This study highlights the importance of assessing and understanding medication adherence across its different phases, particularly initiation and persistence, when evaluating treatments for chronic conditions such as moderate to severe atopic dermatitis (AD). The observed differences in adherence patterns between topical tacrolimus and subcutaneous dupilumab suggest that distinct contextual and behavioral factors influence patient adherence during therapy. Therefore, interventions aimed at improving adherence should not adopt a one-size-fits-all approach. Instead, they should be tailored to the specific characteristics of each therapy.
Optimal medication adherence to treatment has the potential to prevent disease progression and reduce the need to introduce more expensive therapeutic options.
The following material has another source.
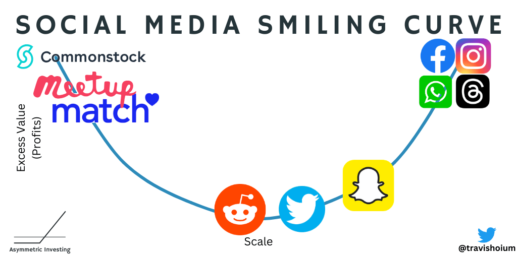 On the right side of the scale, companies can build a big business and leverage operations to grow profits in an outsized way. In simple terms, the economics of a company with 1 billion users are much better than a company with 100 million users. And in a global industry, the upside can be several billion users of your product.

Timely recognition and correction of low medication adherence not only contribute to a better treatment outcome but also significantly reduce costs for the healthcare system.
These findings are particularly significant in the treatment of chronic diseases, where patients often face the challenge of medication adherence. Hence, future research could more extensively explore the relationship between pharmaceutical formulations and medication adherence to inform health policy and clinical strategies, integrating differentiated approaches to optimize medication adherence, improve health outcomes, and reduce unnecessary healthcare costs.

Supplementary Materials

The following supporting information can be downloaded at https://www.mdpi.com/article/10.3390/pharmaceutics17101279/s1: Figure S1. Schematic presentation of the study design and cohort selection. Table S1. Overview of AD pharmacological treatments. Table S2. Comparison of drug characteristics for tacrolimus ointment and dupilumab injection treatments for moderate/severe AD.

Author Contributions

Conceptualization, V.O.; methodology, S.M., E.M. and V.O.; software, S.M.; validation, V.O.; data curation, S.M., I.A.-L., U.T., F.F.B., S.L., A.R., M.K., L.P., M.S. and V.O.; writing—original draft preparation, S.M., M.K., L.P. and M.S.; writing—review and editing, U.T., F.F.B., M.S., L.P., I.A.-L., A.R., S.L., E.M. and V.O.; supervision, V.O.; funding acquisition, V.O. All authors have read and agreed to the published version of the manuscript.

Funding

This research was funded by the Italian Medicine Agency (AIFA) through Pharmacovigilance funding 2015–2017 (Grant number: E63C23000440002; Project title: Pattern di utilizzo dei FARMaci e ADErenza alle terapie in Real World. Project acronym: FARMADER).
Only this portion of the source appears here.